▶ [Task description]: Transcribe only the lines in the data below falling between the line with "国語では「資料を見て考えたこ" and the line with "اگر همچنان از", including those two lines, and leave out any picture.

▶ [Data provided]:

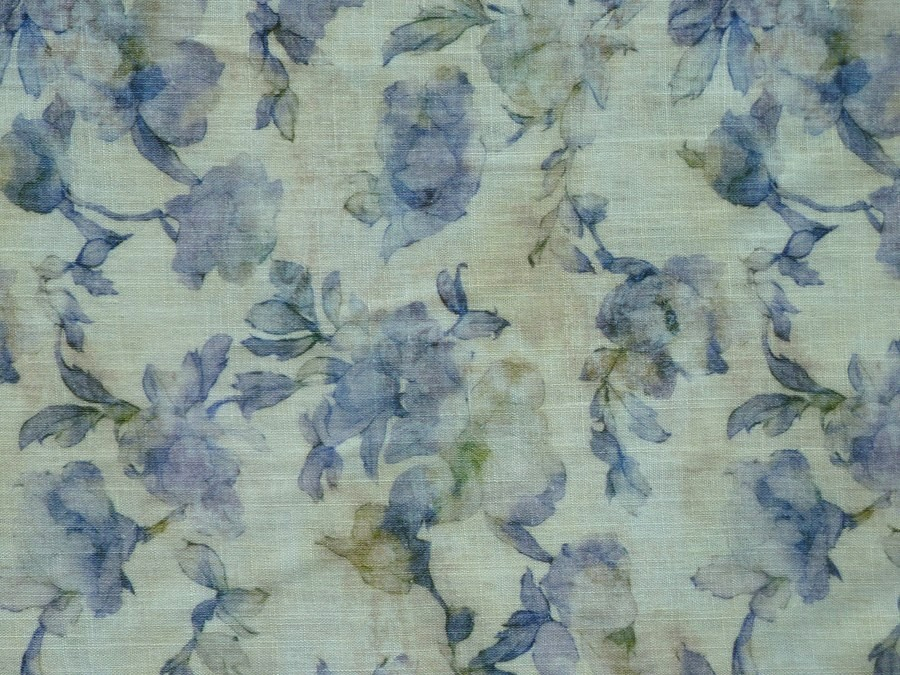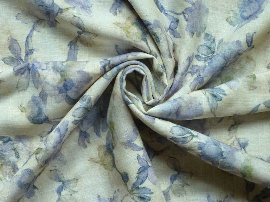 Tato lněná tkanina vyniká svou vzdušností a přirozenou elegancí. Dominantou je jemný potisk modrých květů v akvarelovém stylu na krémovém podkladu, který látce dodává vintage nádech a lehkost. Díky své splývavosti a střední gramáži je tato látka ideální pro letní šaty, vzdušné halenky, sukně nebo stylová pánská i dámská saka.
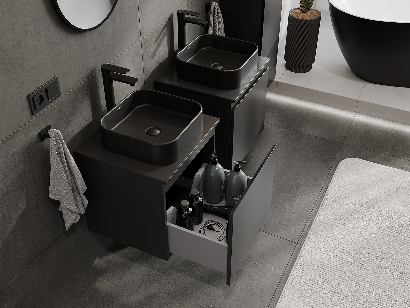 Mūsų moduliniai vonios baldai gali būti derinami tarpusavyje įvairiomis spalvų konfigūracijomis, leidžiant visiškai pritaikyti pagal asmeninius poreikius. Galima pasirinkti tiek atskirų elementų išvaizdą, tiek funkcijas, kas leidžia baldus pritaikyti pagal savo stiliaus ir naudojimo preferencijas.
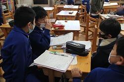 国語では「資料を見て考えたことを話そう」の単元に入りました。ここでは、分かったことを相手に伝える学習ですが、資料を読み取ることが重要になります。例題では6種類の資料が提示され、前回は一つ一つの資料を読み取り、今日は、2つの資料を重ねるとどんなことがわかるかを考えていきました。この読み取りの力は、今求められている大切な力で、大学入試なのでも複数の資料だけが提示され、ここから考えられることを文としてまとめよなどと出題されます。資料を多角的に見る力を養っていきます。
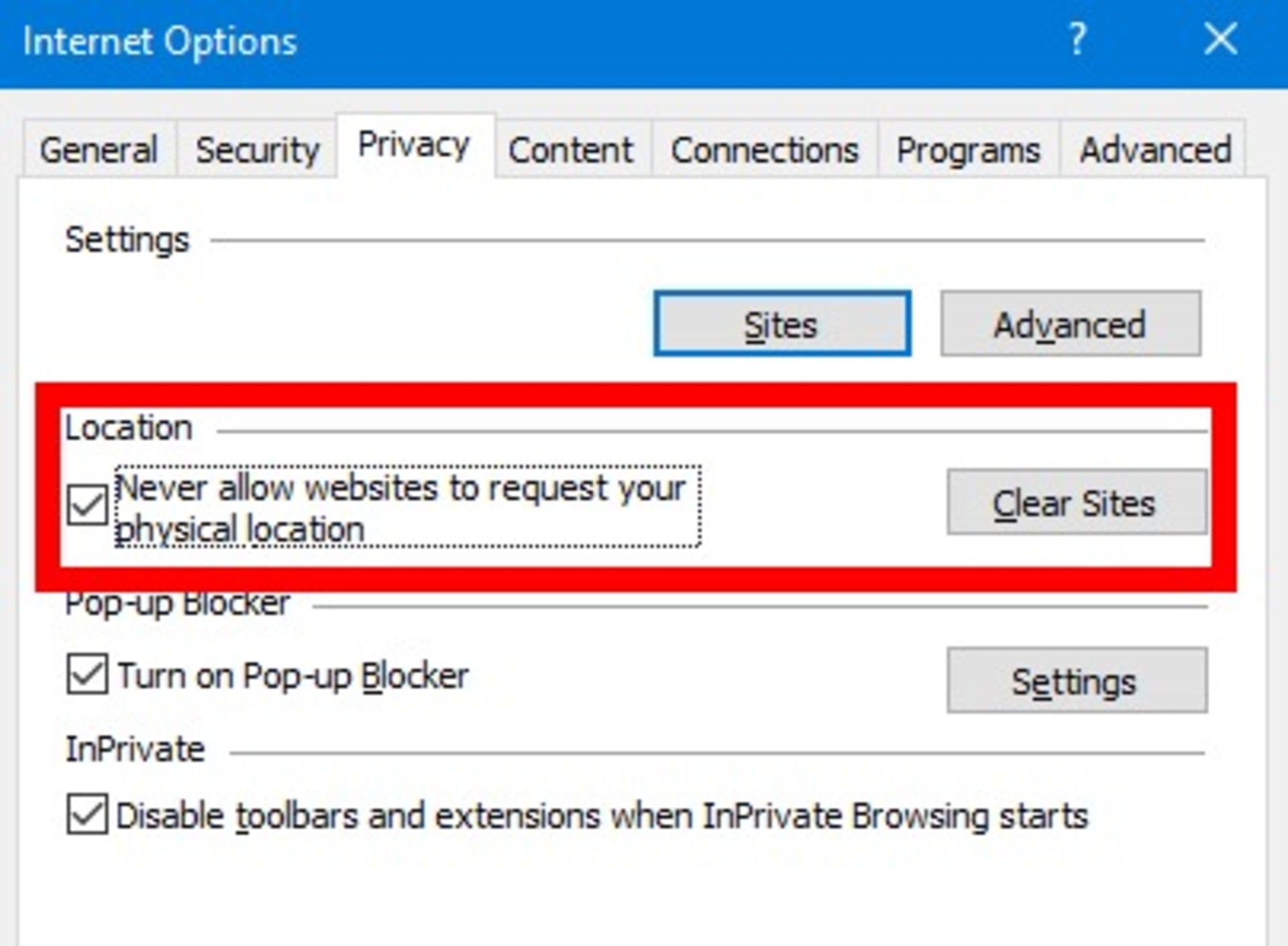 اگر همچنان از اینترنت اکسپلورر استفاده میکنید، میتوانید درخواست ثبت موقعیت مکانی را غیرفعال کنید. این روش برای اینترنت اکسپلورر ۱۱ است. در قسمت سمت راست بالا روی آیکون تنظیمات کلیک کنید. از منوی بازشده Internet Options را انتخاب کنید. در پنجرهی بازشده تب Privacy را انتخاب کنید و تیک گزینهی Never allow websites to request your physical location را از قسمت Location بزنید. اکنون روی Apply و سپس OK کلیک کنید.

...

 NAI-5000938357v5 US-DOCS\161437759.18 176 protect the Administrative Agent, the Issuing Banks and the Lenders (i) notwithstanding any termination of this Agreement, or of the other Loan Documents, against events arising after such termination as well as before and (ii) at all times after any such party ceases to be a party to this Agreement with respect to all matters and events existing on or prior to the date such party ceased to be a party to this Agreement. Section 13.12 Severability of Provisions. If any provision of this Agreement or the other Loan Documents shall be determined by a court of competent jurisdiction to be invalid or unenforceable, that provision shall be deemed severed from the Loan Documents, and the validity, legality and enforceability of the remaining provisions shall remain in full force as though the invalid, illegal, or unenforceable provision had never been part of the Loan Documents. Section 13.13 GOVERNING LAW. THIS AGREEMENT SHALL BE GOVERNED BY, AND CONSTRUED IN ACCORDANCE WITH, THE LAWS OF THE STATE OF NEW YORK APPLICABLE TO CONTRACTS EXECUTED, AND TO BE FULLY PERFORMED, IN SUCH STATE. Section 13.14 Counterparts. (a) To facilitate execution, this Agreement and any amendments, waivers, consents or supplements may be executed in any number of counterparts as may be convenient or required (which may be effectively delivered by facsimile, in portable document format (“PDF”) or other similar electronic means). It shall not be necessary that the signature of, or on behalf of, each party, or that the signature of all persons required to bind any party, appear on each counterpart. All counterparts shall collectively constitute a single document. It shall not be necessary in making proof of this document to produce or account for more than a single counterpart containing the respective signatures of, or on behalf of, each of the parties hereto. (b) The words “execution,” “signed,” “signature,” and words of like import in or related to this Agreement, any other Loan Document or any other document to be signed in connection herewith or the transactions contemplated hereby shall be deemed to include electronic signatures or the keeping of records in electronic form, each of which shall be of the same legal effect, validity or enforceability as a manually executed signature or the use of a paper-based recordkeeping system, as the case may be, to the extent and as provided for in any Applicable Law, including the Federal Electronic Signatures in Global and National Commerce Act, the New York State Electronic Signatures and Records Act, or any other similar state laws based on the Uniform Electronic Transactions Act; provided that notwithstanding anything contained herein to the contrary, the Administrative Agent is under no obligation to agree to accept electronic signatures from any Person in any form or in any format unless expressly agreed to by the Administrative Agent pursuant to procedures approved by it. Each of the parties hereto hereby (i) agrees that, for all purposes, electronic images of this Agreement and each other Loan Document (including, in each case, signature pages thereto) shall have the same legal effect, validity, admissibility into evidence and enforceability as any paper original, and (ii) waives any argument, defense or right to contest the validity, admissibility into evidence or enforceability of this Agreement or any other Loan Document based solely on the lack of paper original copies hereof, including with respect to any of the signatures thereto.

* * *

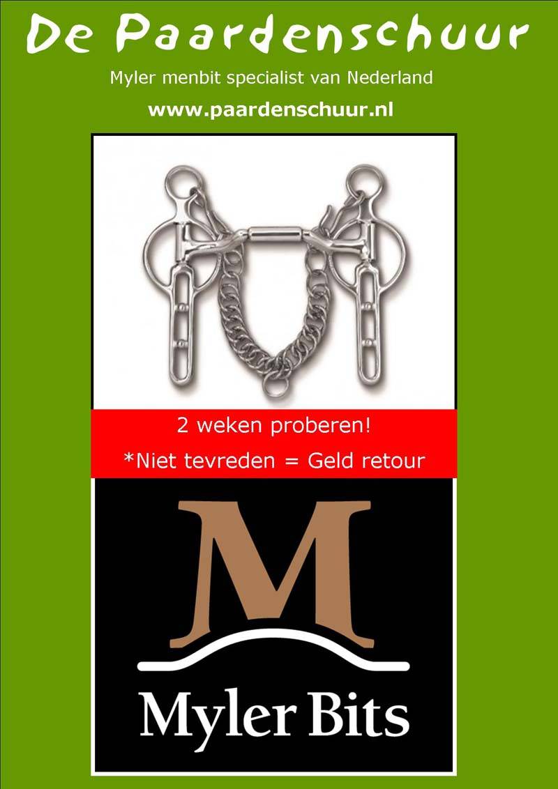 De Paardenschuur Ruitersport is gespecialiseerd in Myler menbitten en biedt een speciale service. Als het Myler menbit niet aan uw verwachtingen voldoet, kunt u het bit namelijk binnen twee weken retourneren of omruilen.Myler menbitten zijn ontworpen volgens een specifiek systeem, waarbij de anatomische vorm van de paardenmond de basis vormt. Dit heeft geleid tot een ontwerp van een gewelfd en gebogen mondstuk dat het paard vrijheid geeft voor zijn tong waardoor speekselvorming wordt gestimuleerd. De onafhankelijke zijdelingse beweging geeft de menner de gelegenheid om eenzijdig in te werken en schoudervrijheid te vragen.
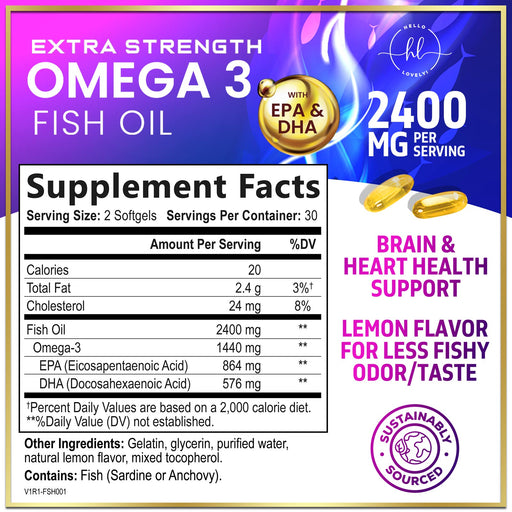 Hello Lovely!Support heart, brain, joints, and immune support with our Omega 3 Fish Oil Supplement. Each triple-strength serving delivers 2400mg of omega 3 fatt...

▶ [Solution]:
 国語では「資料を見て考えたことを話そう」の単元に入りました。ここでは、分かったことを相手に伝える学習ですが、資料を読み取ることが重要になります。例題では6種類の資料が提示され、前回は一つ一つの資料を読み取り、今日は、2つの資料を重ねるとどんなことがわかるかを考えていきました。この読み取りの力は、今求められている大切な力で、大学入試なのでも複数の資料だけが提示され、ここから考えられることを文としてまとめよなどと出題されます。資料を多角的に見る力を養っていきます。
 اگر همچنان از اینترنت اکسپلورر استفاده میکنید، میتوانید درخواست ثبت موقعیت مکانی را غیرفعال کنید. این روش برای اینترنت اکسپلورر ۱۱ است. در قسمت سمت راست بالا روی آیکون تنظیمات کلیک کنید. از منوی بازشده Internet Options را انتخاب کنید. در پنجرهی بازشده تب Privacy را انتخاب کنید و تیک گزینهی Never allow websites to request your physical location را از قسمت Location بزنید. اکنون روی Apply و سپس OK کلیک کنید.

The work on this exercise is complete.